Как бы он разговаривал с другим испытателем, еще сам не представлял.
— Мы должны раньше, чем во втором полугодии, начать серийный выпуск этих машин. Север и Сибирь ждут их.
— Север ждет лучших машин, Иван Иванович. Современных. Время еще есть.
— Москва, Алексей Иванович, не сразу строилась.
— Вы напрасно меня уговариваете.
— Да я и не уговариваю, а убеждаю, что северяне будут рады такой машине. Да еще как!
Зазвонил телефон. Иван Иванович нехотя взял трубку. Но сразу как-то преобразился.
— Слушаю вас, Павел Маркович.
— Иван Иванович, ты читал журнал испытаний новой машины? — спросил директор.
— Читал.
— И докладную Коваленко?
— Да. Он сейчас у меня.
— Ну и что же будем делать? Ты собери конструкторов.
— Есть и другие мнения. Машина хорошая. Конечно, дефекты есть, не без этого. В нашем распоряжении еще полгода.
— Вы же все время говорили, что досрочно начнем выпуск «Сибиряка». А товарищи на серьезные недочеты указывают.
— Ничего там серьезного нет. Если позволите, я сам поеду с испытателями.
— Сам? Ведь конец года. Ну ладно, езжай. Мы как-нибудь без главного три-четыре дня перебьемся. Слесарев такого же мнения. Так. Будем ждать от тебя новогоднего подарка.
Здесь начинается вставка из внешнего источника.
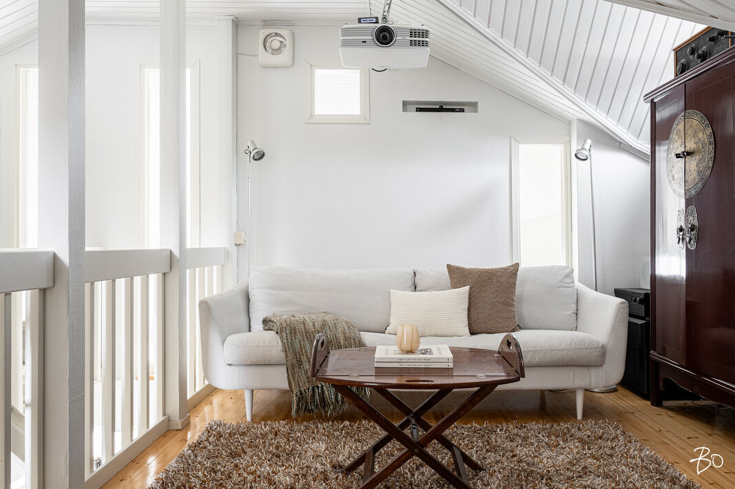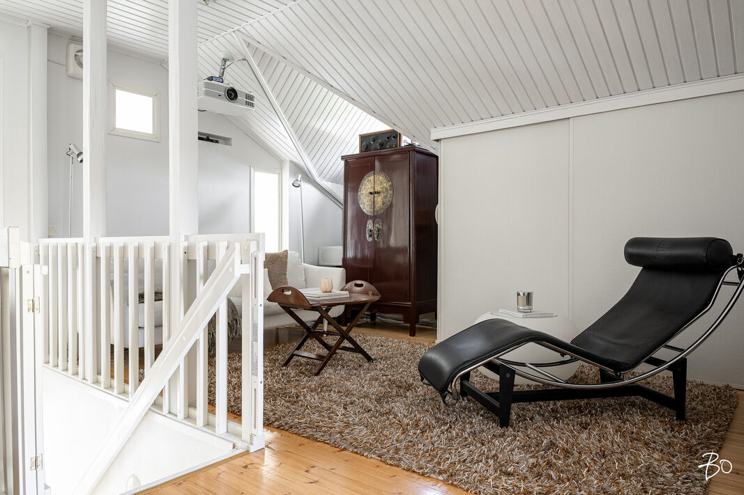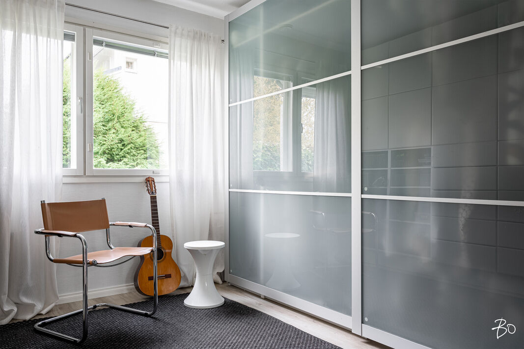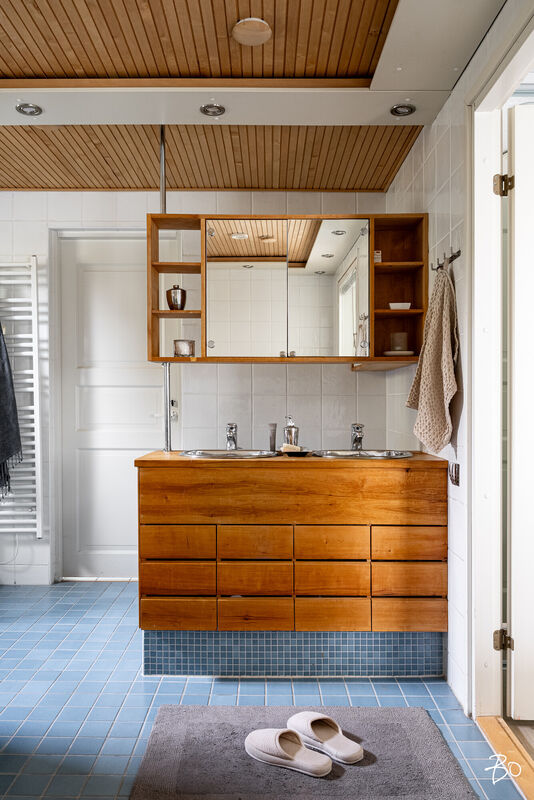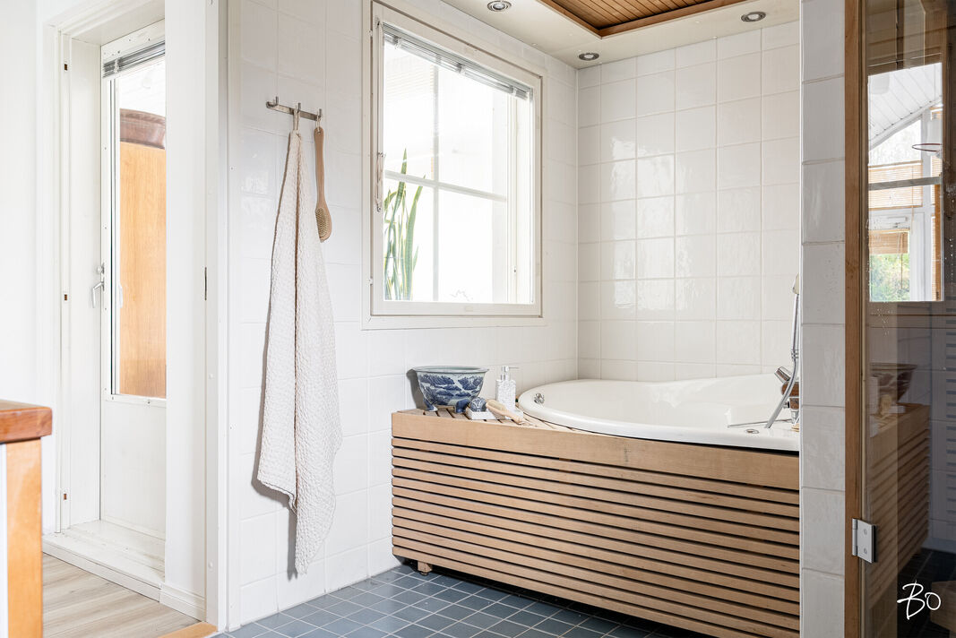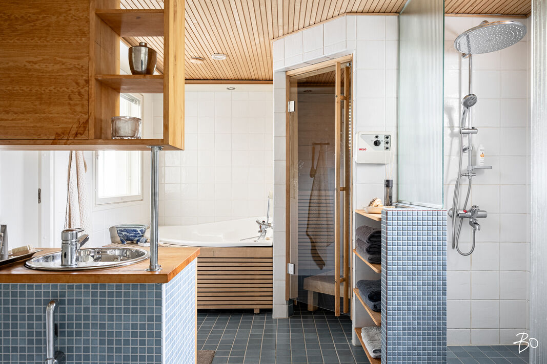 Kylpyhuoneesta löytyvät tuplasuihkut, kylpyamme ja sauna, jonka kiukaassa myös höyrytoiminto. Kylpyhuoneesta kulku lasitetulle terassille, jossa vilvoittelet löylyjen jälkeen vuodenajasta riippumatta, sillä tila lämpeää lattialämmityksellä.
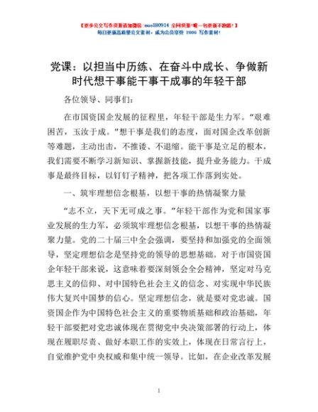 / 党课:以担当中历练、在奋斗中成长、争做新时代想干事能干事干成事的年轻干部
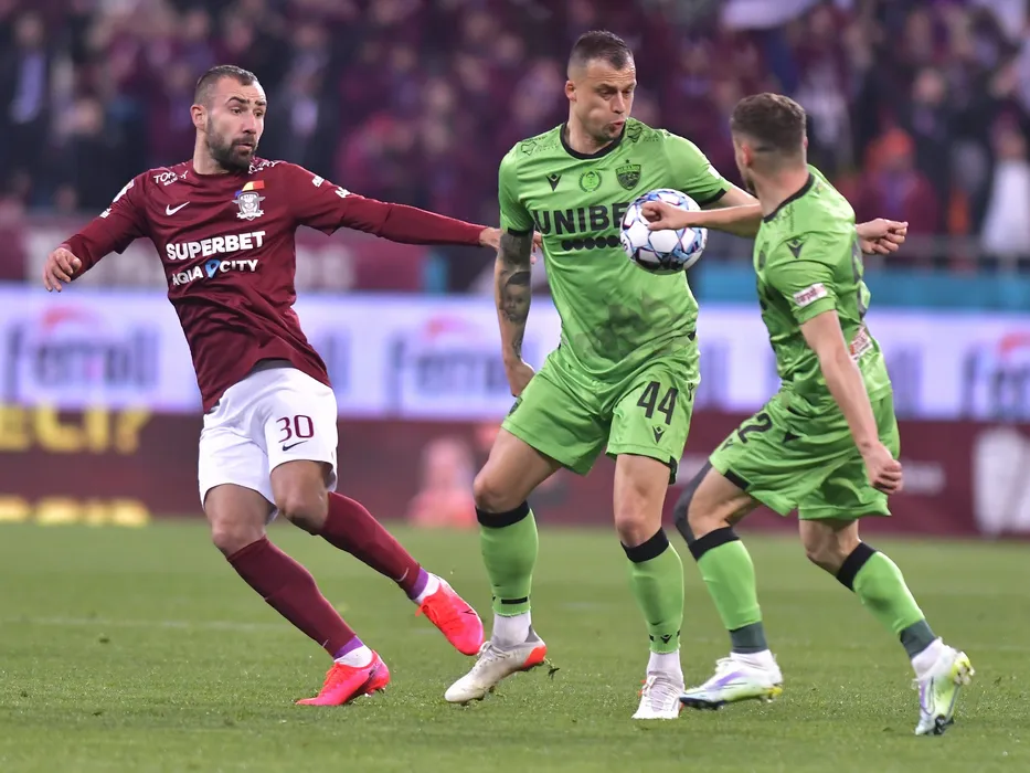 Alexandru Adrian Dandea si Mirko Ivanovski in meciul de fotbal dintre Rapid Bucuresti si Dinamo Bucuresti, contand pentru Liga 1 Casa Pariurilor, desfasurat pe Arena Nationala din Bucuresti, sambata 26 februarie 2022. © FOTO:Razvan Pasarica/SPORT PICTURES

Новый год-то в «Днепровских зорях» встречать будем…
Стрижов некоторое время сидел задумавшись.
— Еду с вами, Алексей Иванович. — Поднялся. — Посмотрю, как ведет себя машина на испытаниях.
7К Татьяне забежали Светлана и Венера. Они работают в механическом цехе токарями. Светлане пошел двадцать пятый год. Она блондинка, как и Татьяна. Новое сиреневое платье плотно облегало ее полнеющую фигуру. Венера еще совсем молоденькая, только неделю назад восемнадцать исполнилось.
Мать Татьяны, Октябрина Никитична, предлагает сначала сесть за стол, а потом к балу готовиться. Время еще позволяет. Девятый час вечера. А бал во Дворце культуры автозавода в одиннадцать начнется. Туда рукой подать. Можно и пешочком. Всего две остановки. Это ей с мужем надо ехать в центр города в ресторан «Днепровские зори», где заказаны столики. Муж задерживается. Не иначе, как что-то случилось. И надо же самому напроситься на испытание автомобилей. Подчиненных мало, что ли?..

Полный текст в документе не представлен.